Now, 66 years later, she wears a dark pink sweater, her dyed hair in a neat bob, and waits out Japan's current nuclear crisis in her daughter's Tokyo home, a two-storey house she also shares with her two granddaughters who play on a sofa behind her.

"I may be a bit too callous about this due to the fact that I was really heavily exposed to radiation, but I don't think this is anything to turn pale over," she told Reuters.

"People seem to be much too sensitive, though of course it's not really for me to say, and heavy radiation exposure is a serious thing. But I was 3.6 km (2.2 miles) from the bomb, and they've evacuated for 20 km (around the stricken nuclear plant).

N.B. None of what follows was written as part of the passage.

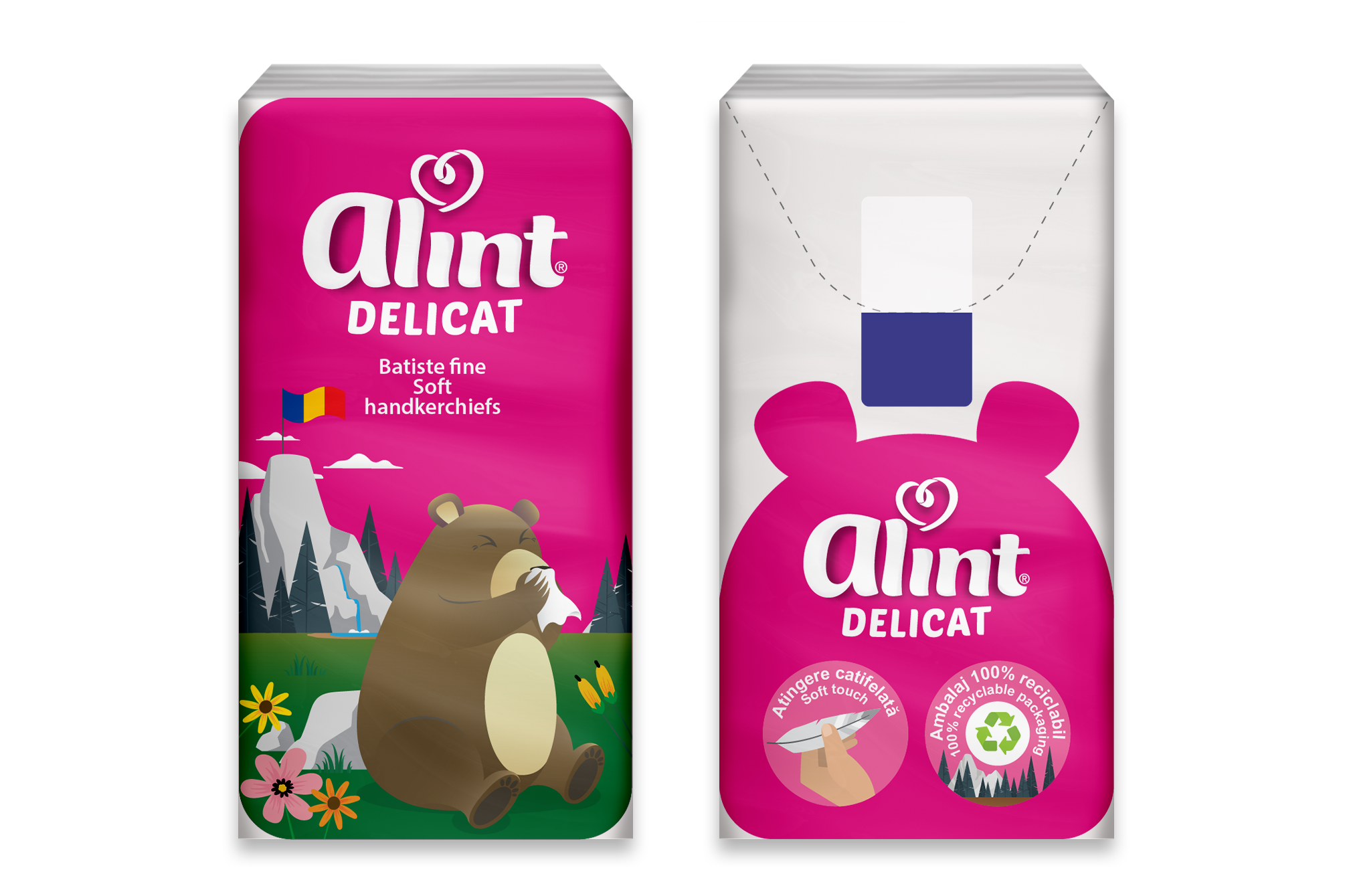 Ambalajele produselor au fost complet reconcepute și desenate de către Alex Ceauș, Graphic Designer și Brand Manager Sovio. Acestea au în centru imaginea ursului carpatin, simbol al forței, în contrast cu finețea hârtiei. „Pentru gama de produse Alint am dorit să aducem la raft un element puternic de diferențiere. Ursul carpatin este un simbol național, dar noi am ales să-l exprimăm într-o manieră jucăușă și prietenoasă, care reflectă atât calitatea produselor, cât și apropierea de consumatorii români”, explică Alex Ceauș.

I really don't understand this kind of feeling."

<snip>

On that hot summer day in 1945, Yamashita was shielded from the worst of the destruction by a heavy quilt thrown over her as the bomb exploded.
"I didn't see a thing, but the noise was incredible -- the sound of glass flying around, and so many other things. Then when I got up a few minutes later, everything had changed. There was nothing left of the house but the supporting pillars, and the world around us was red," she said.

"Now everybody's making such a fuss about the reactors in Fukushima. But it's nothing like that."

Perhaps due to her mother's influence, her daughter, Shigeko Hara, is also quite stoic -- even though she too suffers from a thyroid disorder typical of the children of atom bomb survivors.